Ohl was an active member of the Socialist Party of Milwaukee, and served as deputy city clerk under Socialist mayor Emil Seidel from 1910-1912. He was elected in 1916 to succeed fellow Socialist Carl Minkley as a member of the State Assembly for the Fourth district of Milwaukee County (20th and 22nd wards of the City of Milwaukee), with 3057 votes to 2987 for Republican F. Meyer and 1381 for Democrat J.P. O'Neil. He was assigned to the standing committee on state affairs. He did not run for re-election in 1918, and was succeeded by fellow Socialist Albert Ehlman.

== Labor movement ==
Ohl succeeded Frank J. Weber as head of the WSFL in 1917 and continued to lead it until his death, under the titles of general organizer (1917–1923) and then president (1923–1940), lobbying for the labor movement with the legislature after his term was completed. He served as a member of the Federal Board of Vocational Education and Franklin Roosevelt's Advisory Council on Economic Security.

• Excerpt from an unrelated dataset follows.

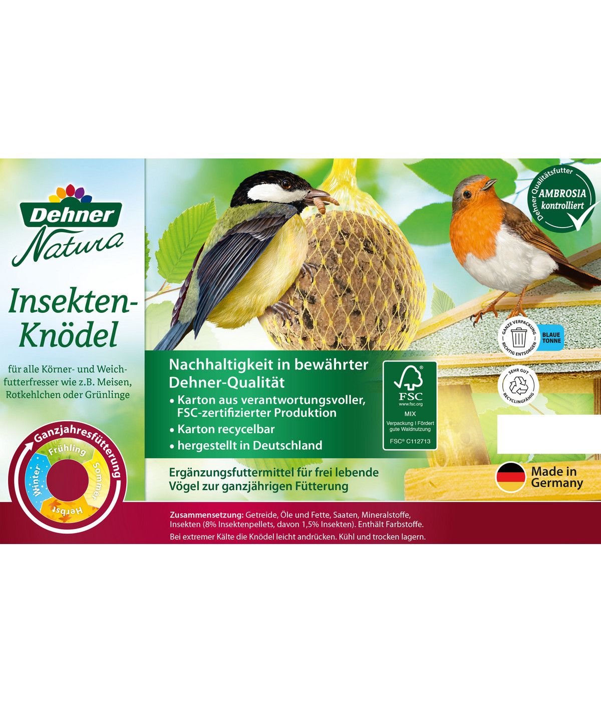 Unterstütze unsere heimischen Vögel! Dieses Dehner Natura Wildvogelfutter bietet beste Qualität für Meisen, Rotkehlchen, Grünlinge und mehr. 5 Packungen mit je 3 Futterstangen - insgesamt 1050g voller Sonnenblumenkerne, Hanfsaat und Erdnusskerne. Im praktischen Netz zum einfachen Aufhängen an Bäumen oder Balkonen. Zur Ganzjahresfütterung geeignet - denn unsere Vögel brauchen auch außerhalb des Winters Unterstützung. Hergestellt aus natürlichen Rohstoffen, ohne künstliche Zusätze. Hilf mit, die vielfältige Vogelwelt zu erhalten! Einfach aufhängen und den gefiederten Freunden eine Freude machen. Qualität aus jahrzehntelanger Expertise - darauf kannst du vertrauen!

During the early 1920s Ohl was active in the Conference for Progressive Political Action, and in 1935 helped muster labor support to form the Farmer-Labor Progressive Federation which coordinated the Wisconsin Progressive Party with the Socialists, progressive farmer organizations and other groups. He finally broke with the Socialists in 1937 when the national Socialist Party endorsed the Congress of Industrial Organizations over the AFL.

Ohl repeatedly charged that the C.I.O. movement was being used as an instrument for the Communist Party of America to move into and take over American labor unionism. At the 1937 convention of the American Federation of Teachers, Ohl accused, "The full drama of betrayal, as evidenced by events, exposes a treachery never before perpetrated in the annals of labor anywhere. Existing unions were disrupted by the C.I.O., funds were manipulated into C.I.O. channels wherever this could be accomplished."